Espero que me puedan ayudar lo mas pronto posible.
De antemano muchisimas gracias


----------



## plba00

Chicho  

Desbes de revisar la fuente,  primero el puente de diodo, ahora no me acuerdo pero creo q los lg tienen str y no un mosfet con el uc 3842 pq  aplicaste un voltaje inverso y eso debe de haber caminado hasta maoma asi q primero concentrate en la fuente y después debes de ver q mas se abrio o se puso en corto, después del transformador de switsh   debes una ves reparada la fuente  revisar si hay algun problema después de este siguiendo el impreso conectado a los diodos 
Saludos 
Y postea resultados


----------



## cesar-p

KARAPALIDA dijo:
			
		

> hola , mira fijate si ese TV tiene en su fuente un IC TDA4006, de ser asi tu primer problema de encendido, es que como dijo alguien, tenes perdida de capacidad en los electroliticos de la fuente, del lado del "primario", por lo general se cambian todos, si mal no recuerdo un de 1uf conectado al preset de regulacion, otro de 47uf conectado con la realimentacion del choper, dos de 47uf o 1 de 100uf que ataca la base del transistor de potencia, y uno de 10uf que filtra la alimentacion 9 a 12v en la pata 9 del Ic.
> 
> Ahora despues del chispaso, hay que ver que rompiste. Tiene rele para la fuente principal y un transformador chico para la fuente auxiliar (standby)?
> 
> Contame como viene la mano. Saludos





Ahi tenes la respuesta...  tiene un pequeño error que es el condensador que va ala pata 9 del Ic que es de 22uf o a veces tieen dos de 10uf en paralelo, si despeus de cambiar los condensadores sigue sin encender revisa un zener que va a la pata 9 si esta bien, es de 18v. bueno con eso lo reparas seguro, suerte. 


Avisa si lo solucionas.


----------



## afmaM.E.I

hola amigos
resulta que despues de tanto maniobrar con el televisor, me di cuenta que el sintonizador estaba malo al punto de no funcionar mas es decir no sintonioza nada de nada. Ahora me gustaria saber cual es el costo comercial de un sintonizador para este televisor goldstar cn14b30h en colombia
si alguin sabe agradeceria respuesta
muchas gracias


----------



## CRONOS1970

Saludos! Me intereso por el diagrama de televisor Goldstar CMR-4220/NF-OPX.
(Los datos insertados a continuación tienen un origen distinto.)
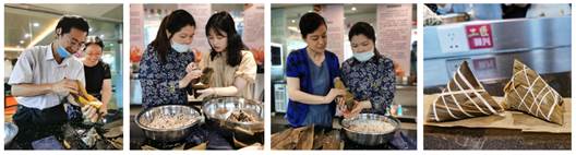 国家大学科技园-中粮金焙工匠复兴烘焙职业学校开展了“迎端午•裹粽子”活动。

Encendido manual, tv a color. nada digital. 1988 aprox.

He batallado mucho por conseguir el diagrama, aún no lo encuentro.

Publicad hoy 7 de agosto de 2009 a las 19:09 horas (7:09 pm)


----------



## hubon

Saludos colegas, tambien tengo un TV LG CN-14B30H que esta reventado el transistor Q802, si alguien sabe su numero, por favor ayuda Gracias


----------



## osk_rin

bueno despues de haber buascado un poco por el foro , este es el tema que mas similitud tiene con mi problema, y es el siguiente:

tengo un televisor samsung de 29" modelo TXC2516 el cual ya busque su diagrama pero no lo encontre, el punto es el siguiente. Un amigo me pidio que se lo revisara porque habia hechado "humito" y ya no encendio, lo pongo en mi mesa de trabajo y lo conecto aber que sucedia con el, al darle encendido se escucha el sonido del flyback pero no da imagen, lo desarmo, hago una inspeccion visual y lo unico que detecto sn dos capacitores inflados, uno que esta despues del rectificador "puente de diodos" de 680uf-250v  y el otro identifique que esta conectado ala alimentacion de 220v del flyback que es de 220uf-200v.

mi pregunta es la siguiente:
sera la falta de filtrado la causa que la tv no proyecte imagen?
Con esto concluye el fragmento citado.